Route information
- Length: 165 km (103 mi)

Major junctions
- Southeast end: N12 near Klerksdorp
- R507 in Hartbeesfontein N14 in Coligny R52 / R505 in Lichtenburg
- Northwest end: N18 / R49 in Mahikeng

Location
- Country: South Africa
- Major cities: Klerksdorp, Hartbeesfontein, Coligny, Lichtenburg, Mahikeng

Highway system
- Numbered routes of South Africa;
| ← R502 |  | → R504 |

= R503 (South Africa) =

Regional route in South Africa

The R503 is a Regional Route in North West, South Africa that connects Mahikeng with Klerksdorp via Lichtenburg and Coligny.

==Route==
The R503 begins in the town of Mahikeng, the capital of the North West, at a four-way-junction with the N18 national route and the R49 route. It goes south-east for 62 kilometres, forming the southern border of the Mafikeng Game Reserve, bypassing Itsoseng, to the town of Lichtenburg, where it enters in an easterly direction and meets the R505 route.

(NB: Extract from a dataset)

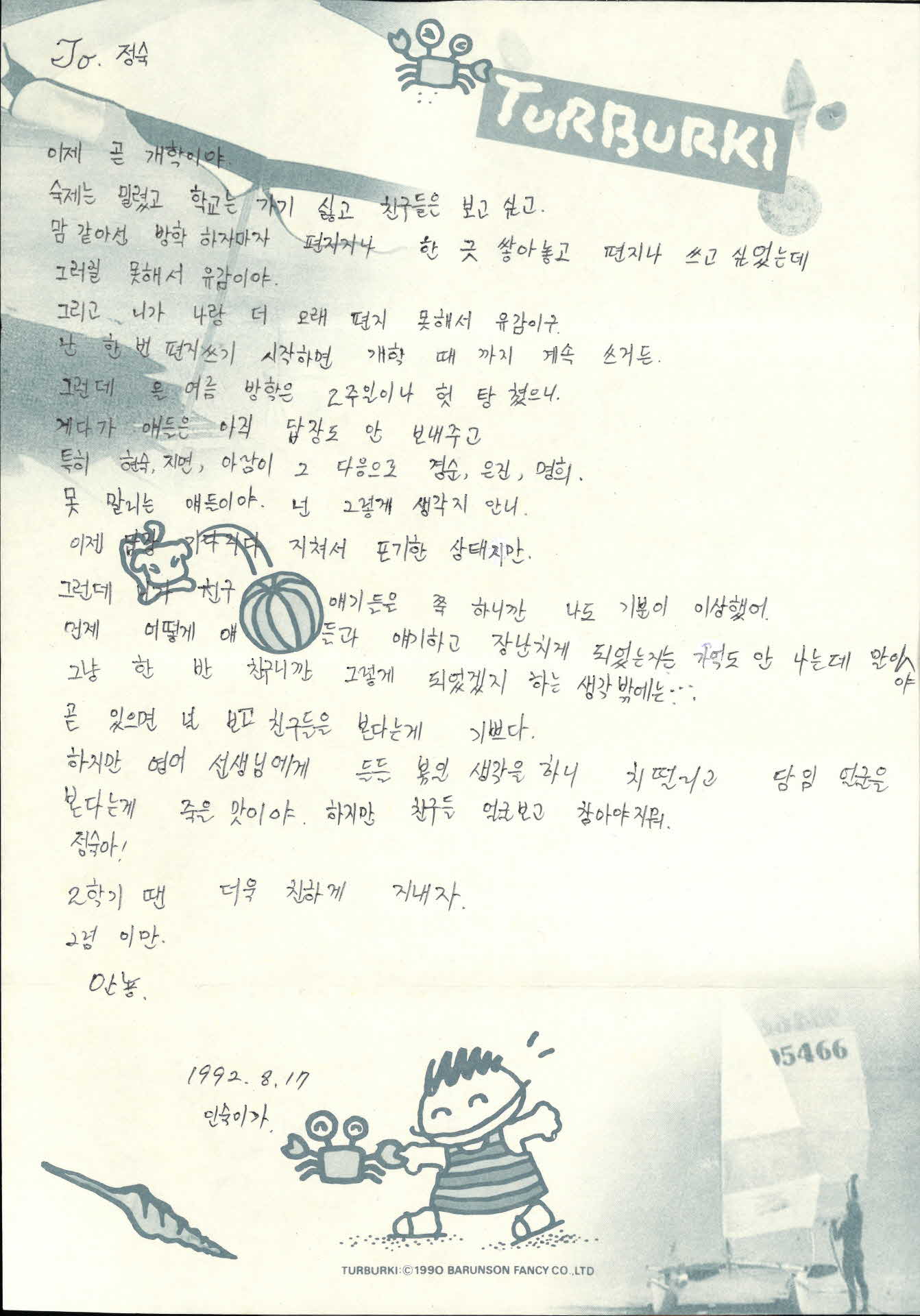 | 기록물명 | 인숙이가 정숙이에게 보내는 편지 | ||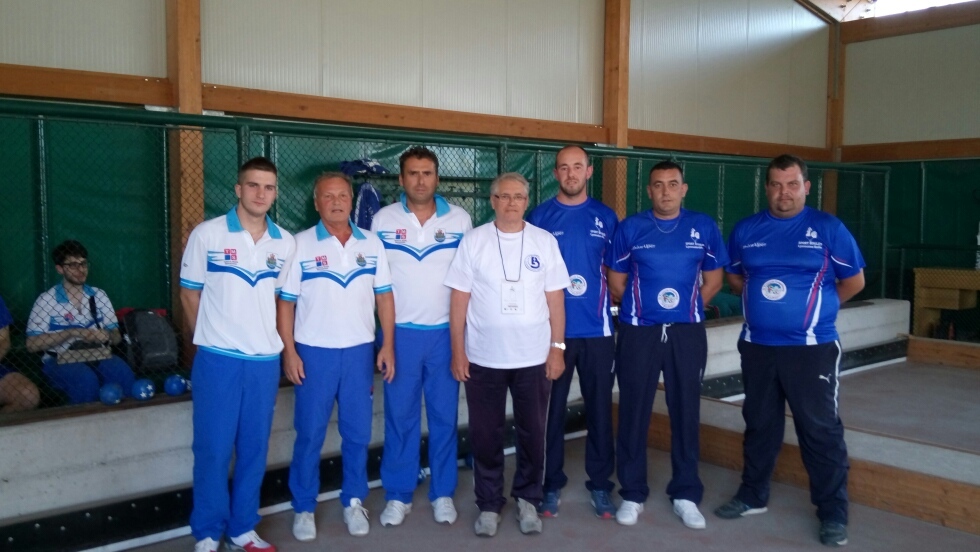 Ensuite, les français ont rencontré l’équipe tête de série de leur groupe, San Marin. Ils se devaient de l’emporter pour pouvoir continuer à espérer une qualification en quarts de finale. Tout commençait à nouveau très bien avec une victoire du triple 12 à 5 (peut-être grâce à la cohésion d’équipe dont parlait Sylvain Le Boulanger dans une interview sur le site FFSB http://www.ffsb.fr/page.php?P=fo/public/menu/archives_news/news_fiche&newsId=3232). Ensuite Eddy Rouault devait s’imposer en simple, à la fois pour apporter la victoire à son équipe et aussi pour conserver une chance dans le Championnat simple. Il était opposé au joueur expérimenté Enrico Dall’Olmo, 4ème des derniers mondiaux en simple en 2015 et qui avait battu le double français Eddy Rouault et Sylvain Le Boulanger dans la rencontre pour la 3ème place lors des derniers Jeux Méditerranéens. Eddy signe une excellente performance et s’impose 12 à 1. Dans le dernier double, important en cas d’égalité pour déterminer le classement, les joueurs français s’inclinent malheureusement 11 à 12.

The R503 joins the R505 to become one road southwards as Thabo Mbeki Drive before becoming Republiek Street eastwards to reach a junction with the R52 route (Dr Nelson Mandela Drive) in the town centre. The R503 & R505 join the R52 southwards on Dr Nelson Mandela Drive for 2 kilometres up to the junction with 12th Avenue, where the R52 becomes its own road south-westwards. At the next junction, the R505 becomes its own road southwards while the R503 turns to the south-east as Kalkweg Way.

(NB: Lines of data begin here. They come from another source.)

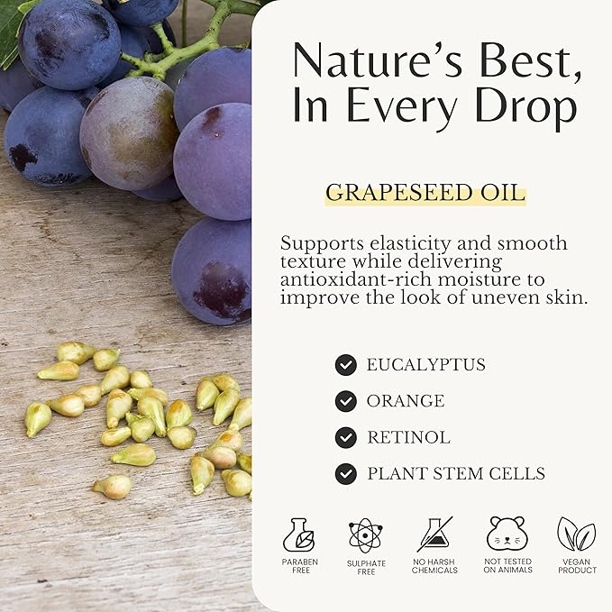 - POWERFUL BOTANICAL BLEND – Enriched with Grapeseed oil, Arnica Extract, Orange Peel Oil, Eucalyptus Oil & Retinol plus plant stem cells for a potent mix that nourishes, revitalizes, and promotes a more youthful glow.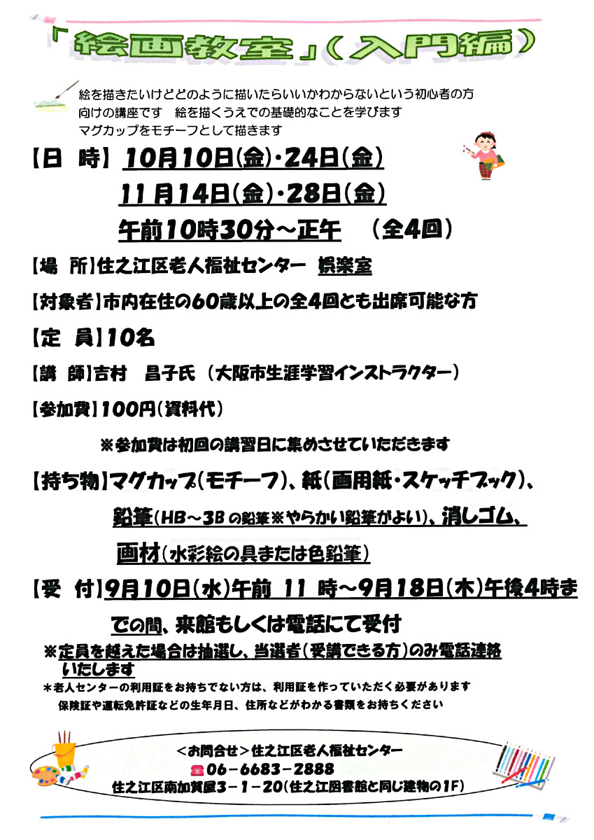 ●持ち物として、マグカップ(モチーフ)、紙(画用紙・スケッチブック)、鉛筆(HB~3Bの鉛筆※やわらかい鉛筆が良い)、消しゴム、画材(水彩絵の具または色鉛筆)
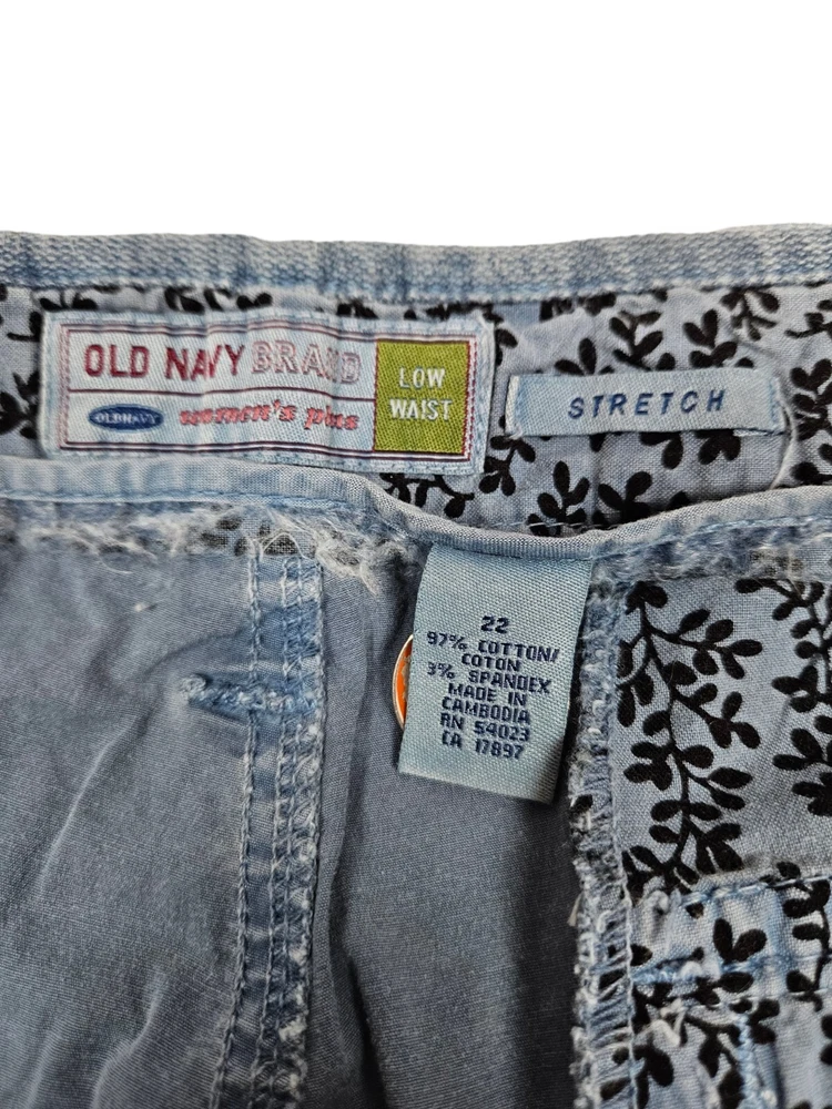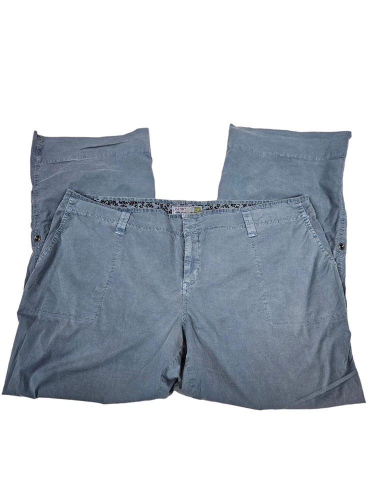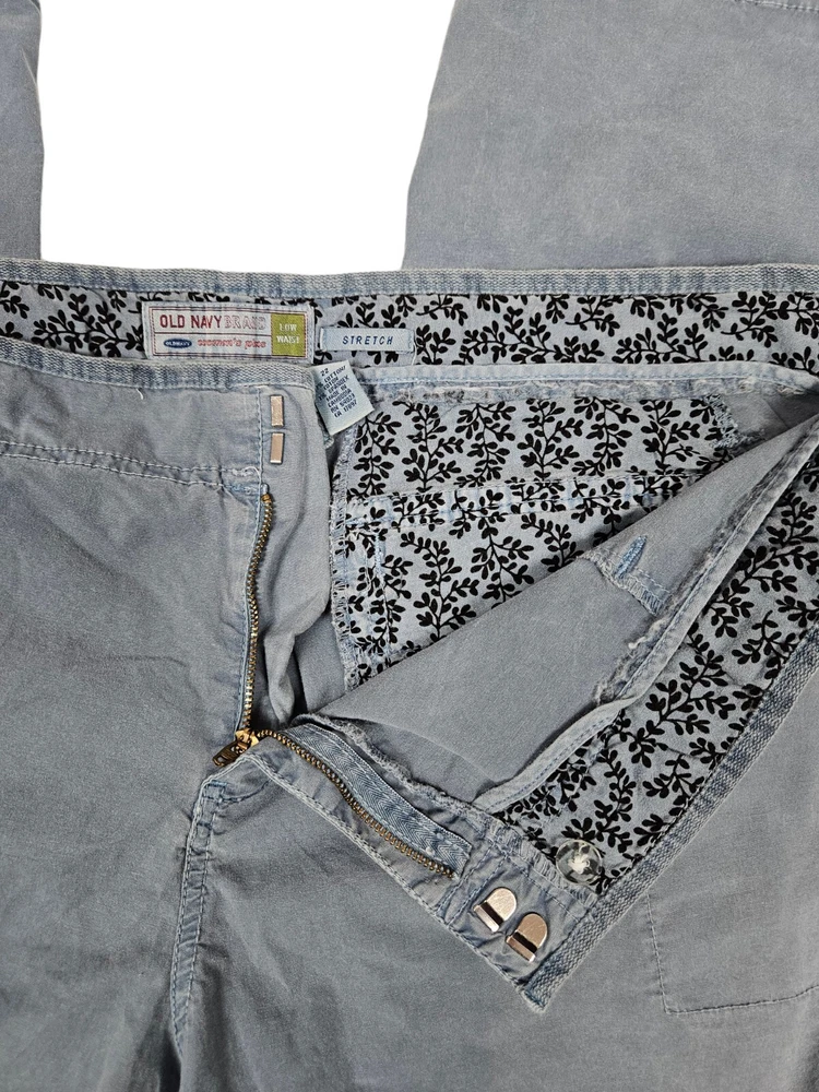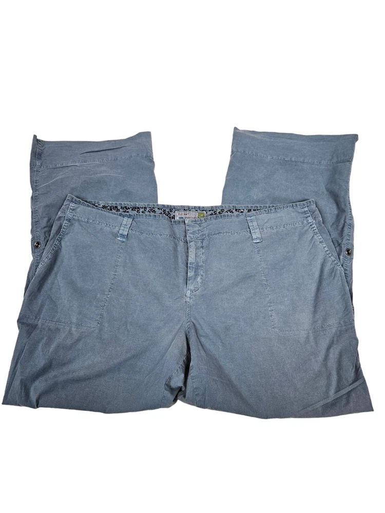 Old Navy Dusty Blue Microfiber Convertible Straight Leg Pants Size 22 Women F25 In excellent condition Old Navy Dusty Blue Microfiber Convertible Straight Leg Pants Size 22 Women's Plus. Features dusty blue microfiber convertible chino pants, straight leg, mid rise, double hook eye and zipper closure, belt loops, 2 front patch pockets, 2 back pockets with flaps, roll snap bottom cuff to convert into capri pants, coastal casual style. Measurements laying flat waist 21" front rise 10.5" hips 26" inseam 30.5" leg opening 11" Fabric cotton, spandex This is a pre-owned item that may show signs of wear. In excellent condition, no flaws.

From Lichtenburg, the R503 goes south-east for 21 kilometres to the town of Coligny, where it meets the N14 national route at a T-junction west of the town centre. The N14 joins the R503 and they share one road south-east for 2 kilometres up to a junction south of the town centre, where the R503 becomes its own road southwards.

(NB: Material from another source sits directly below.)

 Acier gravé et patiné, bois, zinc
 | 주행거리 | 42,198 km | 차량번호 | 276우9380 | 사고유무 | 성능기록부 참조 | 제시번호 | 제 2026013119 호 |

From Coligny, the R503 goes southwards for 52 kilometres to the town of Hartbeesfontein, where it meets the R507 route east of the town centre. The R507 joins the R503 and they share one road south-east for almost 2 kilometres before the R507 becomes its own road westwards. From Hartbeesfontein, the R503 goes south-east for 20 kilometres to enter the city of Klerksdorp and reach its terminus at a T-junction with the N12 national route in the suburb of Freemanville (west of the city centre; north of Jouberton).